You've pulled all fuses, diodes & power relays from the under hood power distribution box & in cabin dash fuse panel, disconnected the alternator & ECM & still have between 1.76 & 2.25 amp parasitic draw.... right????
If you haven't disconnected the alternator B+ lead with all of the above unplugged/disconnected "at the same time", do that too & let us know if anything happens. If no joy, disconnect the B+ cable from the under hood power distribution box & see what happens.
PawPaw - you are correct on the previous post regarding the draw with all components removed from the fuse boxes. Only change has been the draw varied from 1.76 early on to 2.25 on the last try.
I have disconnected all leads from the alternator with no change in the draw but I haven't done the disconnect with all the fuses and relays removed... so that will be my next move.
I took the easy way out in the end. I gave the truck to my brother in law who has a farm in GA. He needed a truck badly, so with full knowledge of the issues, he took the responsibility. I'm not one who gives up easy but this had me stumped. I had recently bought a '03 Ranger 4.0, 4WD to replace a F150 and really had no use for the '94 2WD anyway.
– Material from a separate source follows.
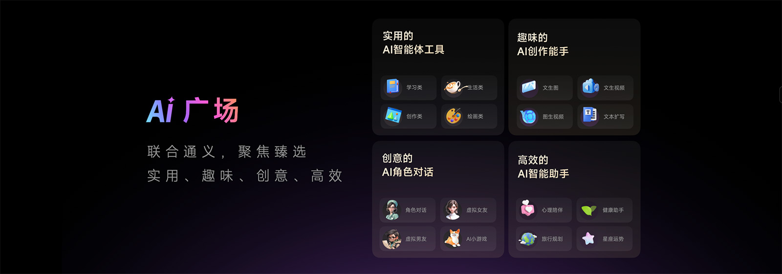 在AI應(yīng)用方面,AI廣場覆蓋娛樂、辦公、健康、學(xué)習(xí)、專業(yè)問答、健身、角色對話等場景,它可以是練口語/繪畫的學(xué)習(xí)好搭子,總結(jié)課程筆記的效率小幫手,生成圖片與視頻的創(chuàng)作神助攻,噓寒問暖的虛擬男/女友,甚至是只存在于書籍里的文學(xué)大咖或虛構(gòu)人物。

Thanks again to everyone who contributed their ideas. This site was a treasure chest of info but I never could isolate the problem.
OK, thanks for closing out your thread. Maybe the BIL will pick it up & finish your trouble shoot & we'll finally discover if its in the alternator, or something being fed off the under hood power distribution box. Sure would be interesting to find out where the parasitic draw was coming from. I think you were Real close to solving it. Be sure to give him all the trouble shooting info you developed. Maybe give him a link to this thread if he's going to carry on????
Pawpaw, I know my BIL and am convinced he'll handle the draw in the same manner I've lived with over the past months. Disconnecting the negative terminal every time its going to sit for more than a day. As long as that works he'll be happy. I'm disappointed I couldn't find it but decided to move on.
Pawpaw, I know my BIL and am convinced he'll handle the draw in the same manner I've lived with over the past months. Disconnecting the negative terminal every time its going to sit for more than a day. As long as that works he'll be happy. I'm disappointed I couldn't find it but decided to move on.
All. I included the quote above as a reminder that, as my wife tells me all the time, "you're wrong".
BIL was satisfied with removing the negative cable until it failed to start repeatedly. A local shop quickly diagnosed a bad fuel pump and dropped the tank to replace it. BIL had forgotten I had an access panel cut in the bed under a liner so he paid the toll. Long story short the new fuel pump cure only lasted about a year (length of warranty) before same issue was back. Intermittent no start. BIL did try to find problem without success to his credit. On my last visit there we put our heads together and started trying to trace the no start issue. Sometimes just moving the relays to different positions took care of the problem...temporarily. Since we had no sound from the pump with the no start condition it was obvious that was at least part of the problem. On checking we found only 9v at the pump, We had 12 at the ECS (emergency cut-off) so we straight wired from it to the pump. Presto! a working pump and a start. A few minutes later the no start was back. I researched the no start issue and found a cure on the "2 car guys" website. The case had the exact same problems so we followed the instructions and straight wired the ECS directly to the battery eliminating the ECM and the relay but adding a switch and a 10a in line fuse. Its now been a week and he has had no further issues with the no start. Of course he does have to remember to turn the switch on and off. The final part of this saga was that after straight wiring job the parasitic draw was down to less than an amp after the ECM shut down.
As I said previously, I'm no whiz when it comes to electrical problems but it does seem to me the ECM nay have been the issue all along. Any thoughts?
I wanted to correct the website name I used, it was "2carpros.com" not 2 car guys.
Last edited by glassman2; Feb 24, 2017 at 07:32 AM.